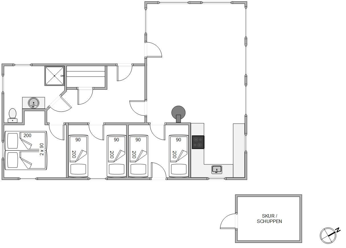 Sommervej 48 comfortably accommodates up to 6 people and your dog. Three bedrooms - one with a double bed and two with twin beds each - provide peaceful spaces for rest and relaxation. One bedroom offers access to the east-facing terrace, perfect for enjoying your morning coffee in the summer sunshine.
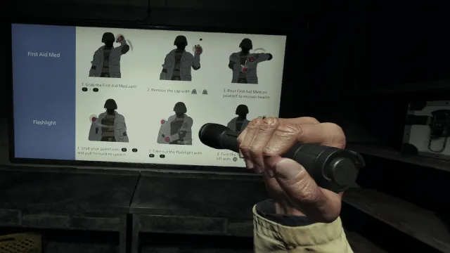 RE Village VR uses the tried and true “grab stuff intuitively from behind your back/your holster” control method: which still works like a charm (if it ain’t broke and doesn’t cost a ton more VR R&D money!). You’ll learn this through a brand new VR control tutorial, which only takes around 10 minutes, and gets the job done (and then some).
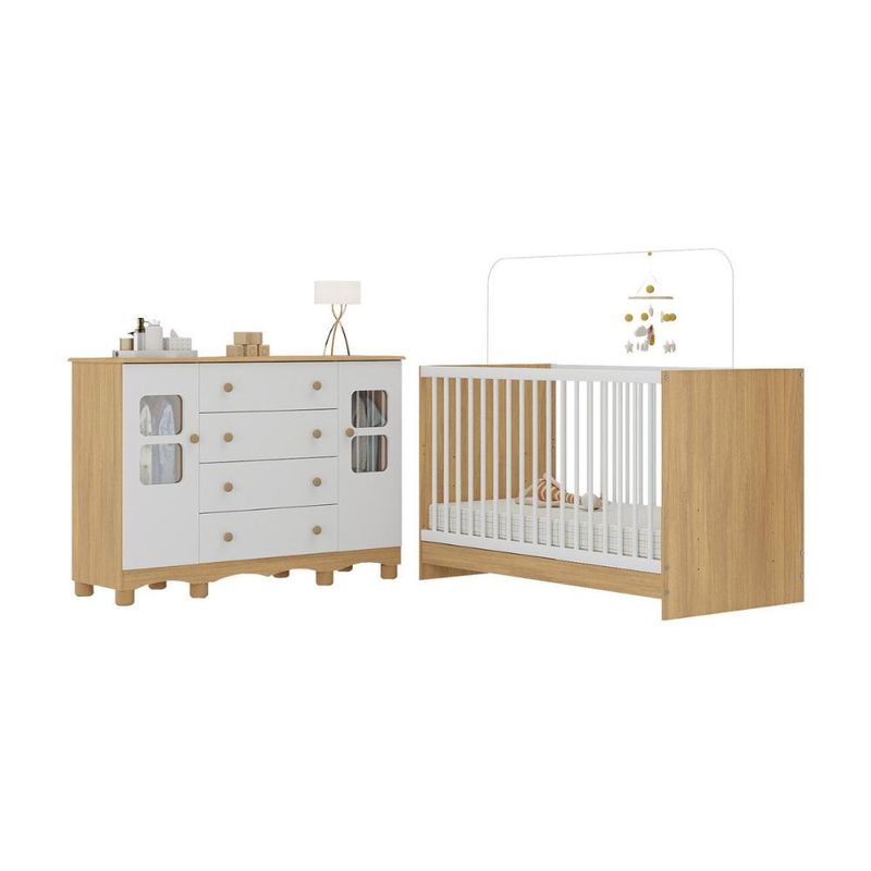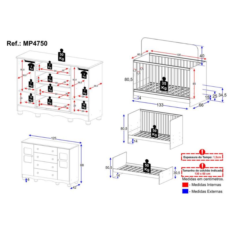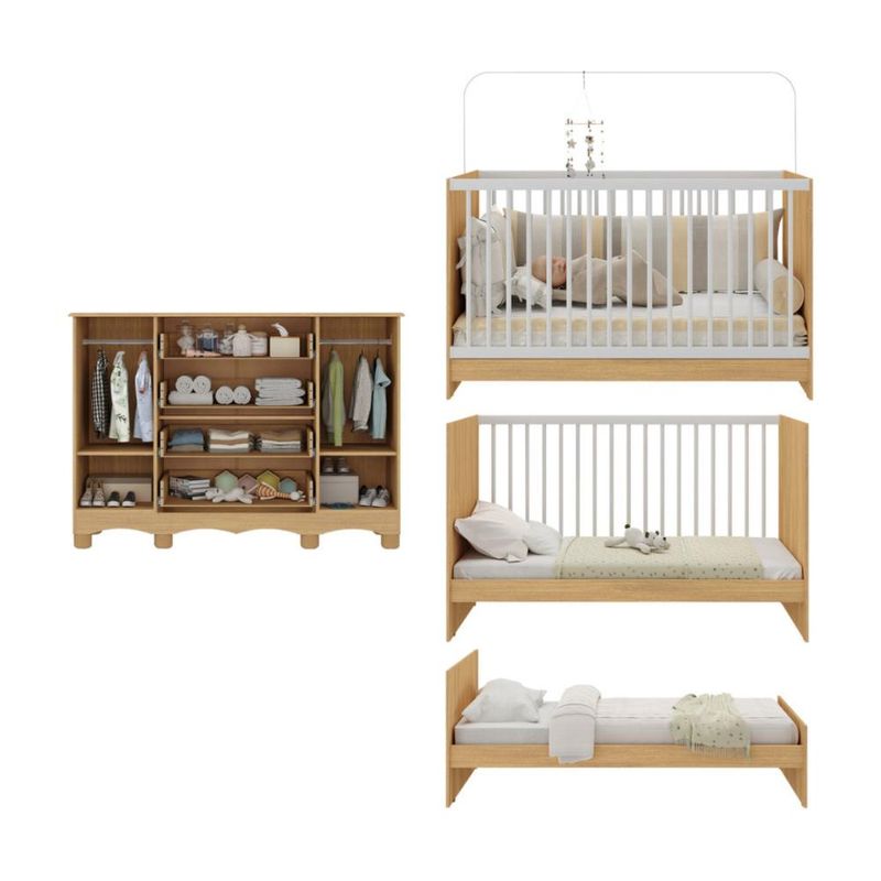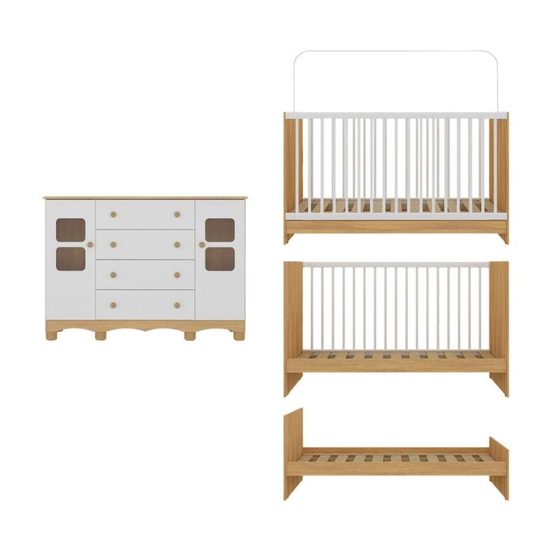 Casa e DecoraçãoMóveisBerço e ColchãoBerço 3 em 1 para Colchão 130x60cm com Cômoda 2 Portas 4 Gavetas Luna Multimóveis MP4750

============

EXERCISE REQUIREMENTS:
Retype the data shown above exactly, excluding any picture it contains.

ANSWER BOX:
 Sommervej 48 comfortably accommodates up to 6 people and your dog. Three bedrooms - one with a double bed and two with twin beds each - provide peaceful spaces for rest and relaxation. One bedroom offers access to the east-facing terrace, perfect for enjoying your morning coffee in the summer sunshine.
 RE Village VR uses the tried and true “grab stuff intuitively from behind your back/your holster” control method: which still works like a charm (if it ain’t broke and doesn’t cost a ton more VR R&D money!). You’ll learn this through a brand new VR control tutorial, which only takes around 10 minutes, and gets the job done (and then some).
 Casa e DecoraçãoMóveisBerço e ColchãoBerço 3 em 1 para Colchão 130x60cm com Cômoda 2 Portas 4 Gavetas Luna Multimóveis MP4750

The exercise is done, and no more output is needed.